Progress has been relatively slow on Paramount Pictures and Platinum Dunes’ live-action reboot of the Teenage Mutant Ninja Turtles franchise, since the project was announced nearly three years ago. A handful of noteworthy writers have contributed to the process of bringing the reptilian martial artists back to non-animated (or hand-drawn) life, but the film has previously had little to no success in attracting a potential director.
That’s changed at last, with new reports revealing that Jonathan Liebesman has officially begun talks to come aboard the revitalized TMNT ship. Assuming negotiations don’t break down, the South African-born director will be working from a script draft penned most recently by Mission: Impossible – Ghost Protocol duo Josh Appelbaum and André Nemec.
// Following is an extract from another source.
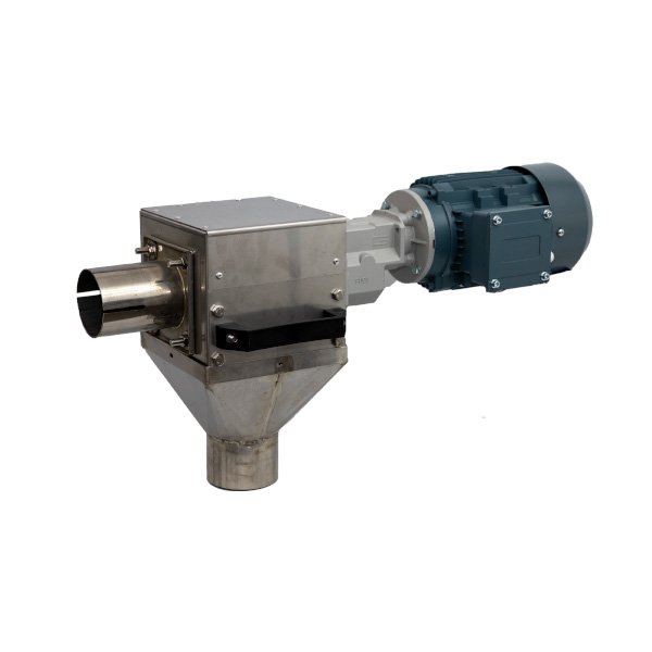 Die Beschickung erfolgt über einen kleinen Einlauftrichter, der direkt mit Silos oder Behältern verbunden werden kann.

Variety says that plot details for the TMNT reboot are being kept secret for now, but that the film will be “a new reimagining” of the characters originally conceived by comic book artists Kevin Eastman and Peter Laird, back in 1984. The plan was originally for the movie to be an origin story – unlike the 2007 CGI TMNT feature – but that could have changed sometime over the past few years of development.
The new TMNT flick could feasibly pick up with more experienced versions of the superhero characters than those featured in the original 1990 live-action movie – i.e., more of a “rebooting sequel” along the lines of this week’s Ghost Rider: Spirit of Vengeance or the upcoming Liebesman-directed Wrath of the Titans. Liebesman’s being hired on would make all the more sense, if that’s the case.
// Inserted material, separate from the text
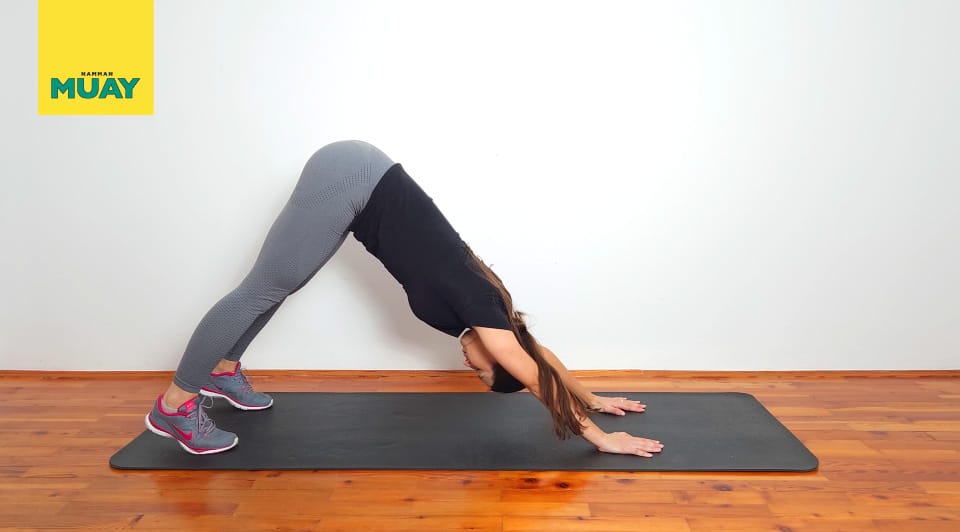 A lefelé néző kutya nyújtás egy alapvető mozdulat. Elősegíti az egyensúlyt, az erőt és a rugalmasságot az egész testben.
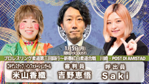 「プロレスリング柔道第三回興行〜新春紅白柔道合戦」 日時:1月5日(月)FC先行入場19:00 開場19:10 開始19:30 会場:川崎・POST DI AMISTAD 住所:神奈川県川崎市幸区中幸町3-16-1(1階) 交通:JR川崎駅...

Bear in mind, even if the TMNT live-action reboot does not revolve around Leonardo, Michelangelo, Donatello, and Raphael during their early days as crime-fighting, pizza-eating “masked” vigilantes, it also definitely will not continue the storyline from the last live-action installment, Teenage Mutant Ninja Turtles III (ie. the one where the Turtles time-traveled back to ancient Japan).
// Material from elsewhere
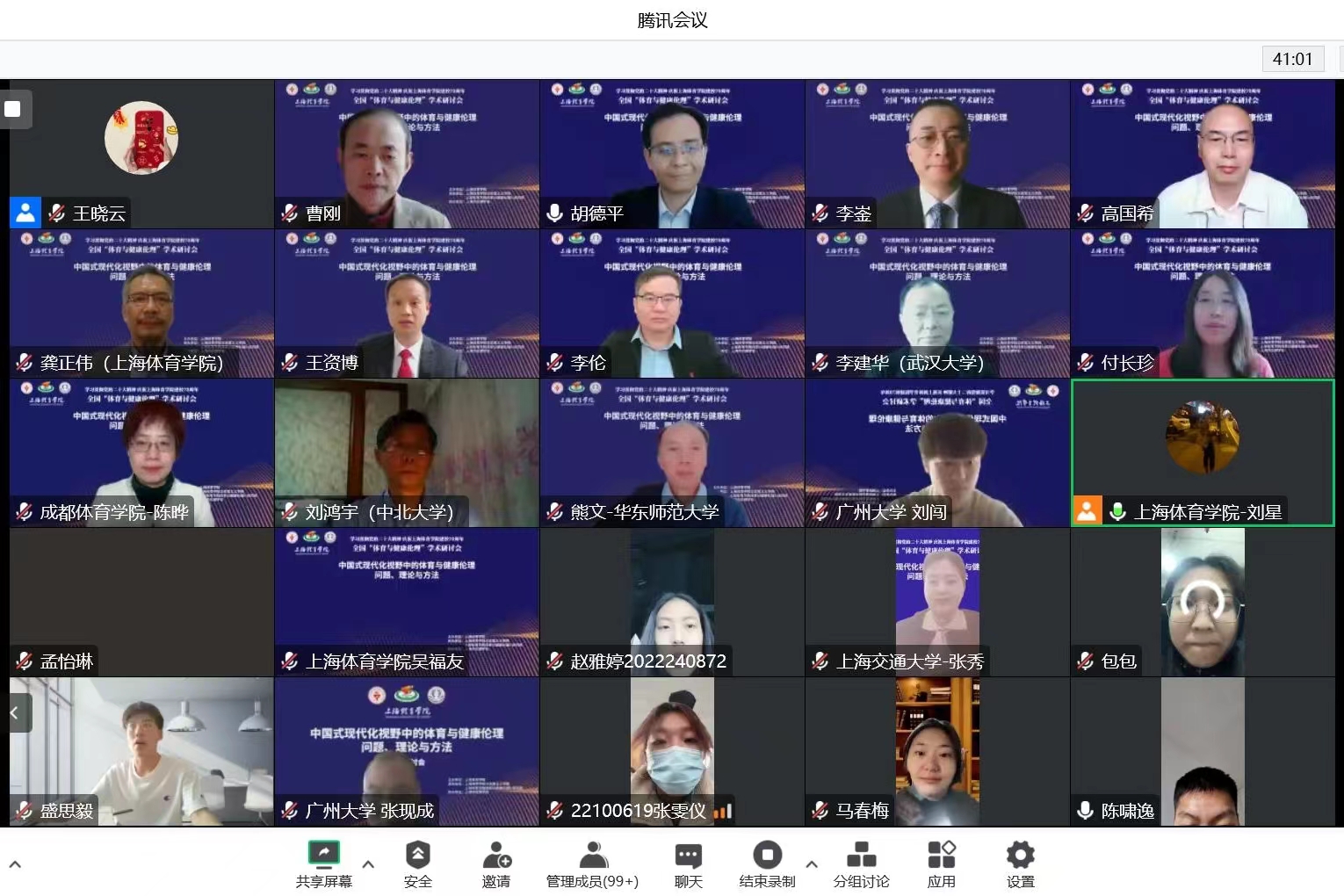 来自中国人民大学、武汉大学、大连理工大学、华东师范大学、湖南师范大学、中北大学、广西师范大学、长治学院、北京体育大学、上海体育学院、成都体育学院等高校,哲学、法学、医学、教育学等国内不同学科和研究领域的专家学者,以及体育与健康伦理研究领域卓有成绩的青年学者,聚焦“中国式现代化视野中的体育与健康伦理:问题、理论与方法”主题,展开学术交流。

We can all agree: either a fresh start or revamping is very much needed, after that cinematic kerfuffle. No one expects high-art from a Teenage Mutant Ninja Turtles movie, but even the most die-hard of Turtle fans tend to disown the third chapter of the franchise.
Appelbaum and Nemec played an important role in revitalizing the Mission: Impossible property with last year’s Ghost Protocol, with a script that featured an engaging ensemble/team dynamic that was (sorely?) missing from the previous two installments. If they bring something similar to the table for the TMNT reboot, that would add a nice layer of substance to the titular warrior squad’s latest onscreen adventures.
Liebesman could use a good screenplay to work from, given that many of his previous films (Darkness Falls, The Texas Chainsaw Massacre: The Beginning, Battle Los Angeles) have turned either just so-so or bad, thanks more to poor screenwriting – rather than incompetent direction, on Liebesman’s part. His Clash of the Titans followup could buck that trend, though, going by the promising early footage.
That’s all to say: the talent working behind the scenes on the TMNT reboot is decent enough to suggest that this could be one of the better reboots/remakes on the horizon, all things considered.
We will continue to keep you posted on the status of the Teenage Mutant Ninja Turtles reboot as more information is released.